Glibc Unicode 7.0
Summary
We are updating Glibc Unicode data from Unicode 5.1 to Unicode 7.0 version. It took a long time, since there was not much documentation on how to update Unicode data and also there was the chance of loosing backward compatibility. Most of the issues are resolved now and patches are ready for inclusion. This update adds around 8000 supported characters in Glibc, and also corrects the Unicode data of many characters per the latest Unicode standard.
Owner
- Name: Mike Fabian Pravin Satpute Siddhesh Poyarekar
- Email: mfabian At redhat DOT com, pravins At fedoraproject DOT org, spoyarek AT redhat DOT com
- Release notes owner:
Current status
Detailed Description
In this update we are planning to update Glibc's Unicode locale data— character map and LC_CTYPE information— to Unicode version 7.0. This data is used almost in all locales and is going to affect all applications using these locales. It is a system wide change since it impacts glibc and application dependent on it. Glibc provides two files for Unicode data, UTF-8 and i18n. The UTF-8 file provides information about CHARMAP and WIDTH for Unicode characters. i18n file provides CTYPE (uppercase, lowercase, punctuation, etc.) information for all Unicode characters. This has not been updated for a long time due to incomplete documentation and also the possible chance of loosing backward compatibility. Work has been started on this 5-6 months back, and now most of the issues are resolved.
Relevant bugs in upstream for more information.
Github repo for scripts.
Benefit to Fedora
With this change, users and developers of Fedora will get Unicode 7.0 support through Glibc. Though we are upgrading from Unicode 5.1 to 7.0, users will get an updated Unicode data from Glibc locales. No new functionality is added. Fedora is the leading distribution when it comes to internationalization. By including this change, Fedora users and developers will get the latest Unicode locale data.
Scope
- Proposal owners:
1. Writing scripts for generating UTF-8 and i18n files from Unicode character database. 2. Preparing patch for UTF-8 and i18n files. 3. Preparing backward compatibility report. 4. Applying patches to Fedora. 5. Testing whether does it breaks anything around.
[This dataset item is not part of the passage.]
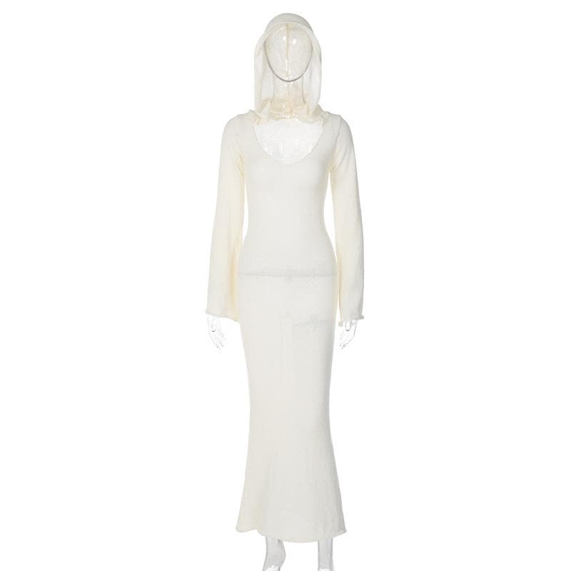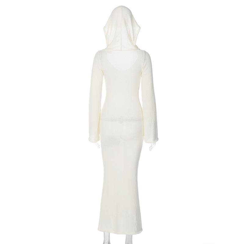 Knitted solid hoodie u neck long sleeve maxi dress

- Other developers: This change will impact glibc and all applications that use locales. Other Developers do not need to make any changes from their end, but they need to watch how their application behaves with improved localedata. We need proper testing to see that it does not break any application.
- Release engineering: No work required from Release engineering.
- Policies and guidelines: No, this change does not required any updates to Policies or packaging guideline updates.
Upgrade/compatibility impact
Upgrade will be smooth. Users will get exact things with updated Unicode data.
How To Test
- Glibc includes extensive test-case coverage to test localedata changes.
- This change is affecting Unicode characters, so users will notice little effect on rendering if any.
- Glibc is used by rendering engine for determining the type of characters, so again observe rendering and report if any issue.
- Document section provide detailed report regarding change.
User Experience
- Users and Developers will get support for Unicode standard 7.0 through locales.
Dependencies
- No other RPMs packages depends on this.
- This patch won't be able to make it into glibc upstream release 2.21, so we're going to maintain it as a patch for Fedora 22.
Contingency Plan
- Contingency mechanism: Will drop patches from Glibc build.
- Contingency deadline: Before F22 Beta release eg. Beta freeze.
- Blocks release? No
- Blocks product? product No
Documentation
- This will be available with backward compatibility report.
- Backward compatibility report for UTF-8 file.
- i18n CTYPE file additions [report https://raw.githubusercontent.com/pravins/glibc-i18n/master/report-ctype ]. Its 2.1 MB in size.